Empedocles (quoted by Aristotle) wrote [10, 11]: So here the question arises whether we have any reason to regard Nature as making for any goal at all, or as seeking any one thing as preferable to any other. Why not say that Nature acts as Zeus drops the rain, not to make the corn grow, but of necessity – for the rising vapor must be condensed into water by the cold, and must then descend, and incidentally, when this happens the corn grows – just as, when a man loses his corn on the threshing floor, it did not rain on purpose to destroy the crop, but the result was merely incidental to the raining?

Thus, Empedocles is saying that the purpose of the rain is not to make the corn grow, nor to spoil the grain as it sits on the floor waiting to be threshed. Rather, the rain falls for other reasons altogether, that have nothing to do with the corn. Instead, the rain falls of necessity, because it must – because the rising water vapor is condensed by the cold into water, which then must fall as rain. The corn is not the cause of the rain, says Empedocles, correctly.

Empedocles is pointing out what today is called the error of teleology , which Empedocles did not make, but which Aristotle did.

Then Empedocles applies his disbelief in teleology to anatomy (again quoted by a contrary-minded Aristotle): So why should it not be the same with natural organs like the teeth? Why should it not be a coincidence that the front teeth come up with an edge, suited to dividing the food, and the back ones flat and good for grinding it, without there being any design in the matter? And so with all other organs that seem to embody a purpose. In cases where a coincidence brought about such a combination as might have been arranged on purpose, the creatures, it is urged, having been suitably formed by the operation of chance, survived: otherwise they perish, and still perish [10, 11]...

Thus, Empedocles repudiates teleological purpose, invokes chance, and then states that if the workings of chance happen to be favorable, the animal will survive. If not, it will die.

Then, Aristotle goes on to disagree with Empedocles. Aristotle wrote [10, 11]: But it is impossible that this should really be the way of it. For all these phenomena and all natural things are either constant or normal, and this is contrary to the very meaning of luck or chance.
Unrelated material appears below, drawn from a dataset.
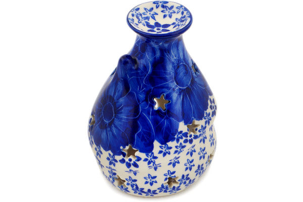 This Divine Cobalt 5" House Shaped Candle Holder was handmade and hand decorated in Boleslawiec, Poland by skilled artisans according to old traditional methods. This is a Polish pottery Signature Unikat, which means that it has been hand painted with both sponges and brushes and it is signed by the artist who painted it. Unikat pieces are the most intricate works of art. Larger Unikat items take hours of very careful work to finish. This Polish stoneware is microwave, dishwasher, freezer, and oven safe up to 480°F. It does not contain lead or cadmium. It is part of the Divine Cobalt Collection.

So Aristotle favored the contrary idea of the constancy or immutability of animals and species. He believed that there is purpose then, in what is, and in what happens, in Nature [10].

Thus, the insight that purpose could be achieved by chance and preserved by natural selection, leading to survival of the fittest was evident to Empedocles, but not to Aristotle [11].

No one is perfect. Please do not misunderstand me. Aristotle was a towering genius, a one-man university for medieval Europe. For early Christianity, Aristotle was an acceptable barbarian because he believed in God, the soul, and purpose (teleology). As a biologist and philosopher, Aristotle also lent medieval Europe some much needed intellectual sophistication [10]. This is why so much of Aristotle has been saved – because he was made to order for the medieval Christian church. Ironically, scholars also think that without this disapproving quotation by Aristotle, the above-cited work of Empedocles might not have been saved.

A century before Empedocles, Anaximander (c. 611 –

c. 547 BC) also thought that man evolved from other animals. Anaximander, who was born in Miletus and was

a student of Thales, reasoned that in the beginning, man was born from creatures of a different kind. Other creatures are soon self-supporting, but man alone needs prolonged nursing. For this reason, he would not have survived if this had been his original form [10, 12].

Anaximander stated that before him, the Syrians worshipped fish as the human ancestor [10, 12]. We now know that in this respect, the Syrians were right.

What is so impressive about the understanding of Empedocles is not just that he understood the concept of evolution in the fifth century BC, but also that he grasped the concept of what Darwin called natural selection more than 2300 years later. The true story of the discovery of evolution and natural selection is almost never told in books or articles written in English. Since the present paper is about the evolution of the human heart, I also hope to set the record straight concerning the larger story of the discovery of evolution, natural selection, and survival of the fittest.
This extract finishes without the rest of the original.